The homepage of 4chan

A quick introduction to 4chan is necessary to understand how the site complicates text mining and research based on collections from the website. 4chan is simple image-based bulletin board where any internet user can post comments and share images. There are a variety of boards for users to explore and post images ranging in interests such as video games, sports, Japanese Anime, photography, and politics. Users do not need to register an account before participating in the 4chan community and can post on message boards anonymously. 4chan thrives on its anonymity and the fact that users of 4chan interact in an anonymous and ephemeral environment that facilitates rapid generation of new trends, both positive and negative. However, the ephemeral nature of 4chan has proven to be an obstacle for linguists conducting research because a link to a particular message board or post will be non-existent in a matter of days or even hours. (The longevity of posts depends on the popularity of the message board; with a ten-page limit for each board, more posts means each post spends less time on 4chan.) The challenge has been finding a way to text mine 4chan for research purposes. Here enters CiceroLite.

Language Computers: CiceroLite

Langauge Computers homepage that offers a glimpse of what is offers and it’s purposes

CiceroLite is a natural language processing software nestled within Language Computers, a software company that assists in researchers, “with intelligent, semantically-informed search and discovery software tools which unlock value by actually understanding the information stored in any large collections of text.” The goal of Language Computers is to make sense of unstructured texts, like 4chan, and CiceroLite is a software that was developed to be a tool utilized by researchers to make sense of unstructured texts.

The CiceroLite homepage

CiceroLite is a natural language processing tool to help researchers collecting and studying large amounts of text. CiceroLite’s “entity extraction systems provide unsurpassed performance in terms of precision, recall, and processing speed. Designed to provide state-of-the-art performance for large entity type hierarchies, CiceroLite’s robust machine learning framework enables it to be extensible to new languages of interest quickly and easily, given sources of training data.” CiceroLite has the capability to process English, Arabic, and Mandarin Chinese. So, what does processing mean?

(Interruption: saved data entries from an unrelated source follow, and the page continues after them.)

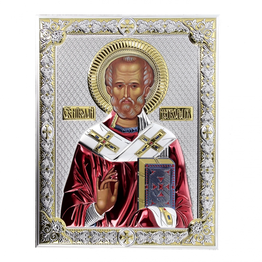 Preziosissima icona, posta su un supporto in legno noce, realizzata in argento Mirò e con i colori tipici dell'iconografia bizantina. L'icona raffigura San Nicola venerato come santo patrono dei marinai, dei mercanti e dei bambini e la sua vita è caratterizzata da atti di generosità e miracoli. Nelle icone bizantine, San Nicola è spesso rappresentato con una mitra vescovile e un pastorale, simboli del suo ruolo di vescovo. E' raffigurato anche con il libro del Vangelo, che sottolinea la sua dedizione alla fede e alla predicazione. L'icona può essere appesa, ma anche appoggiata grazie al piedistallo incluso nella scatola. Rifinita a mano e curata nei dettagli. Realizzata completamente in Italia da un'azienda leader nella produzione di quadri in argento.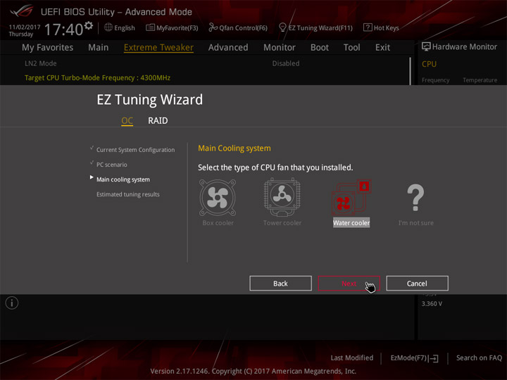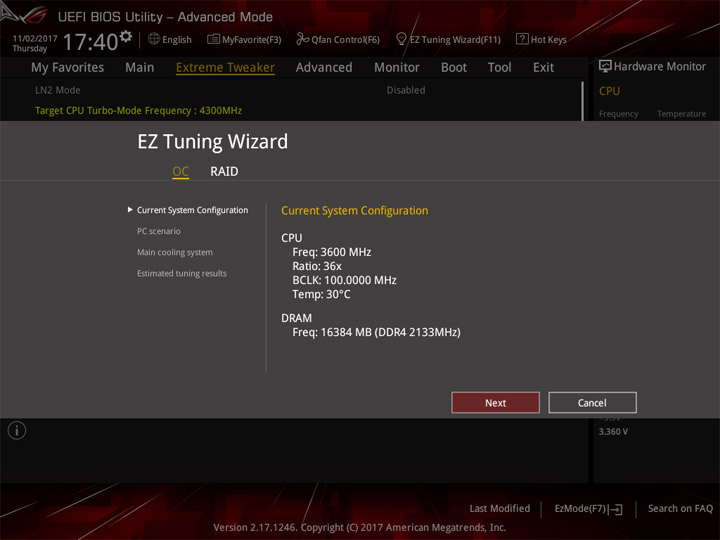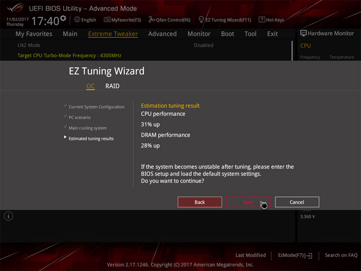 Сперва изучим поведение устройства при использовании готовых профилей. Самый агрессивный сценарий Ez Tuning Wizard работает так же, как на уже рассмотренной нами ASUS ROG Strix Z370-E Gaming. Процессор разгоняется до 4738 МГц, а память — до 2746 МГц. Схема задержек берётся из профиля XMP, напряжения SA и IO растут также, как и при обычной активации XMP — до 1,15 В.
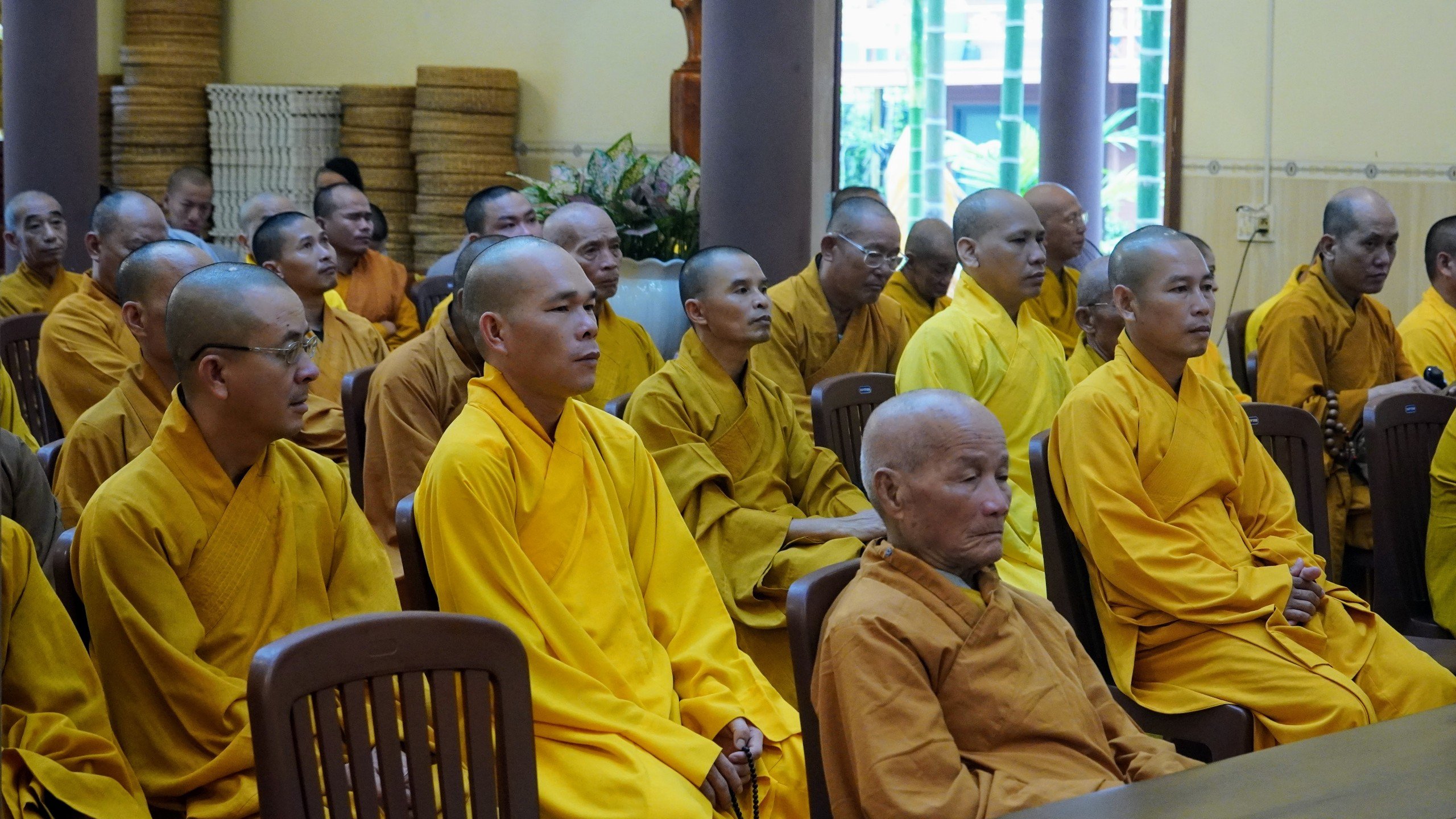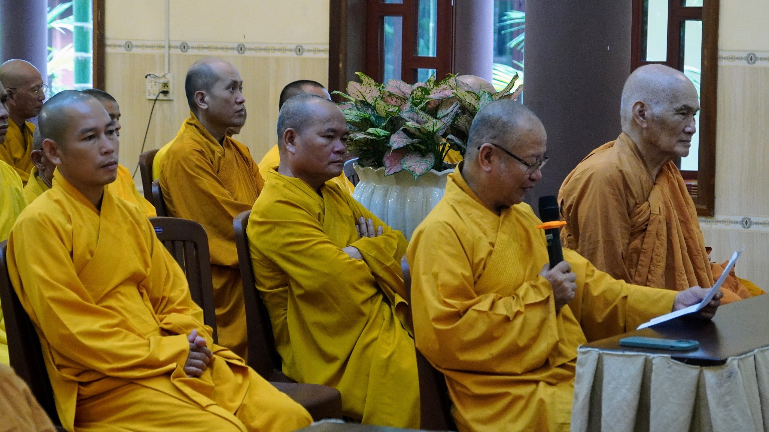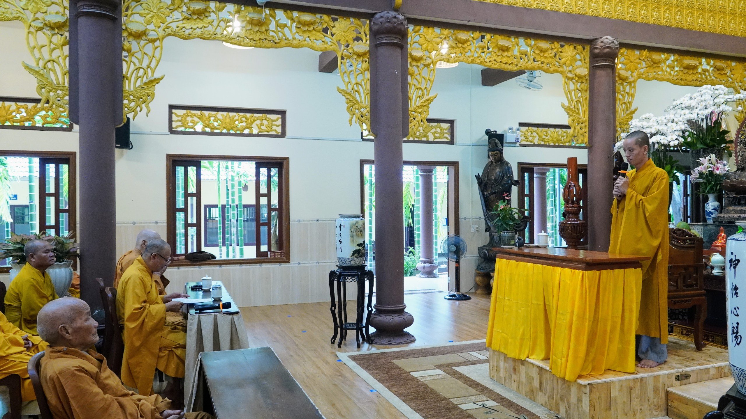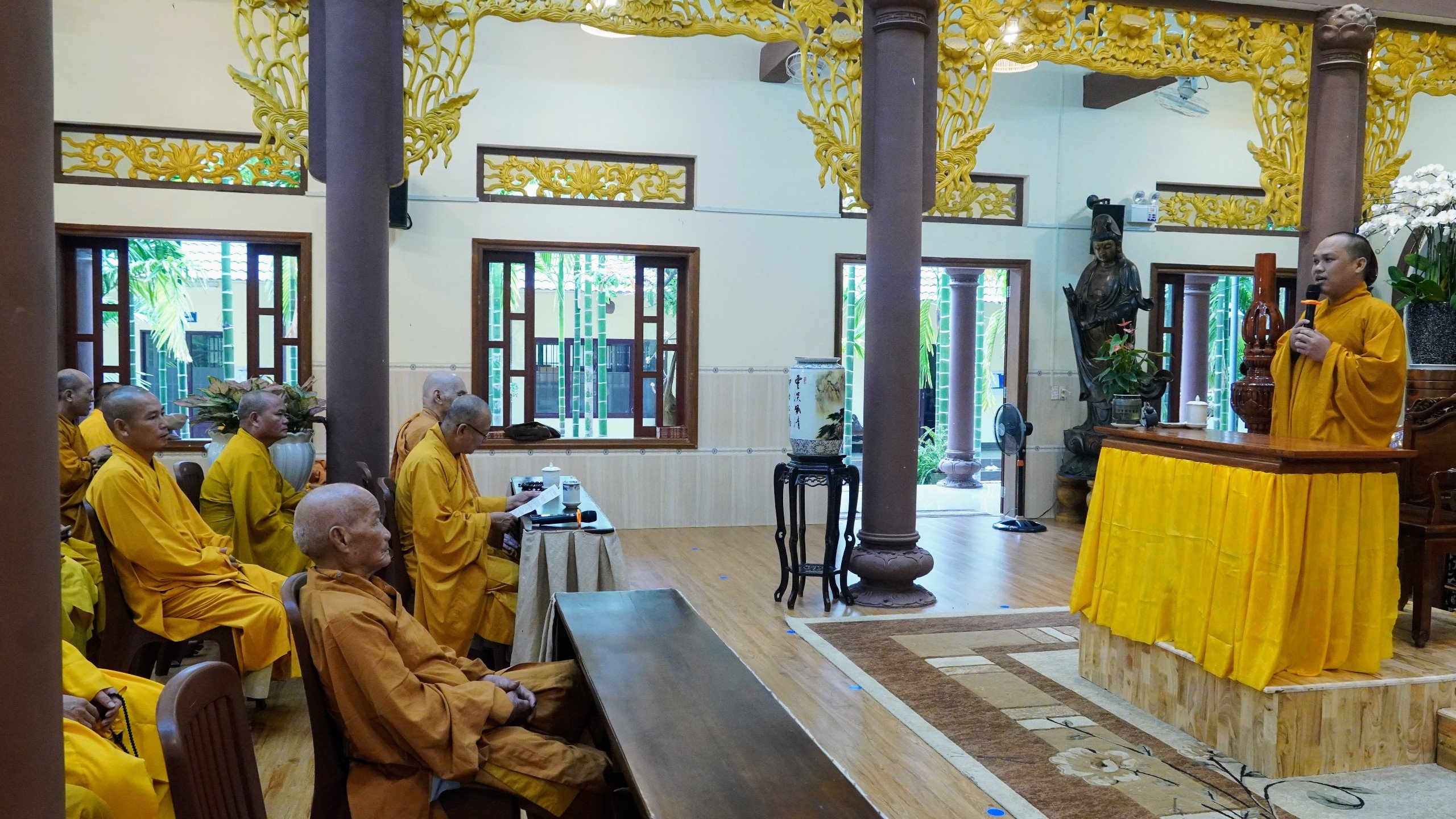 Mở đầu tiết học diễn giảng sáng hôm nay, Hòa thượng Chứng minh Hạ trường đã chia sẻ đôi điều động viên giúp hành giả vững lòng và tự tin hơn khi bước lên bục giảng để thực tập diễn thuyết. Ngồi dưới hàng ghế chứng minh, Thượng tọa giáo thọ cũng đã lắng nghe và có những lời khích lệ, góp ý xây dựng giúp chư hành giả an cư từng bước hoàn thiện về hình thức và nội dung thuyết giảng của mình.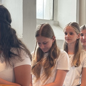 Voller Freude nehmen das erste Mal 10 Ministrant*innen aus der Pfarrgemeinde Rainbach teil.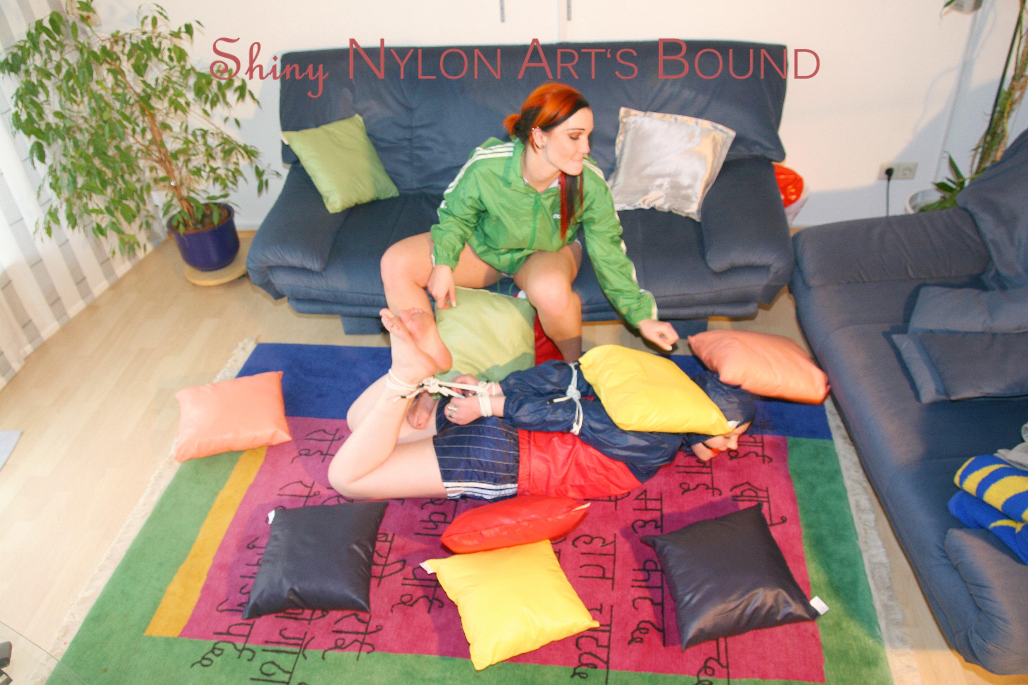 Watching sexy SONJA being tied and gagged with ropes and a clothgag by another girl on the bed both wearing sexy shiny nylon clothes (Video)
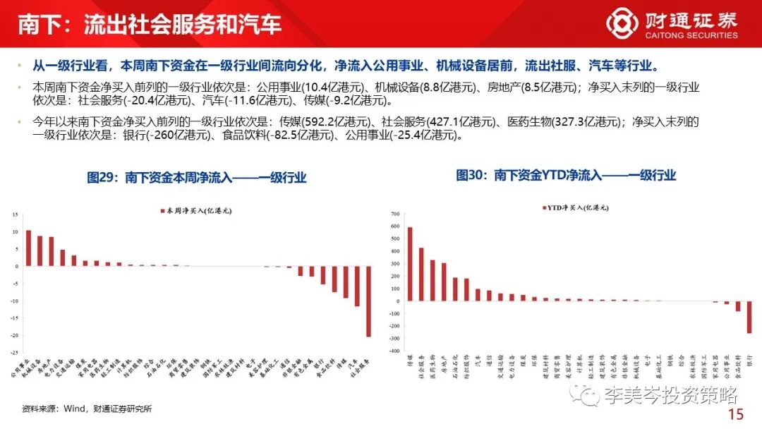 2)一级行业而言,公用事业(10.4亿港元)、机械设备(8.8亿港元)、房地产(8.5亿港元);净买入末列的一级行业依次是:社会服务(-20.4亿港元)、汽车(-11.6亿港元)、传媒(-9.2亿港元)。今年以来南下资金净买入前列的一级行业依次是:传媒(592.2亿港元)、社会服务(427.1亿港元)、医药生物(327.3亿港元)。

Processing Texts Using CiceroLite

The CiceroLite window where a user can begin uploading texts or webpages for processing

CiceroLite can be launched in a variety of web browsers with ease by going to the CiceroLite homepage and launching the application. CiceroLite does not require downloading but rather is a web-based software platform housed by Language Computers. Once the application is launched, the Cicero server will appear where a user can begin processing texts. There are two ways a user can process a text. The first option is having a text file and uploading it to the server for processing. Processing directly from a text file is the fastest option, and will take anywhere from 30 seconds to two minutes depending on the size of the file. The second processing option is directly from a webpage, which is why CiceroLite is useful for websites such as 4chan. Processing from a website is more complex than processing from a text file and, depending on the coding and complexity of the website, can take anywhere from two to five minutes. However, websites such as Facebook and Twitter were non-configurable as of yet due to their changing nature and use of non-specific web addresses.

Processing 4chan

After selecting a text to process (and for the purposes of this tutorial, I am using 4chan), you are directed to a page with new information on it that looks like this:

What information will be displayed after your text has been fully configured and processed

After successful processing, a user can then begin to analyze the text that has been processed. The first area to notice is the entities box in the top lefthand corner. Within this box, a user can see what entities exist within the text and how many of each exist(categories being person, location, organization, contact information, date-time, numeric, or other). To the right is the entities keys to understand the color coding within the text. The legend corresponds to entities of that kind within the text.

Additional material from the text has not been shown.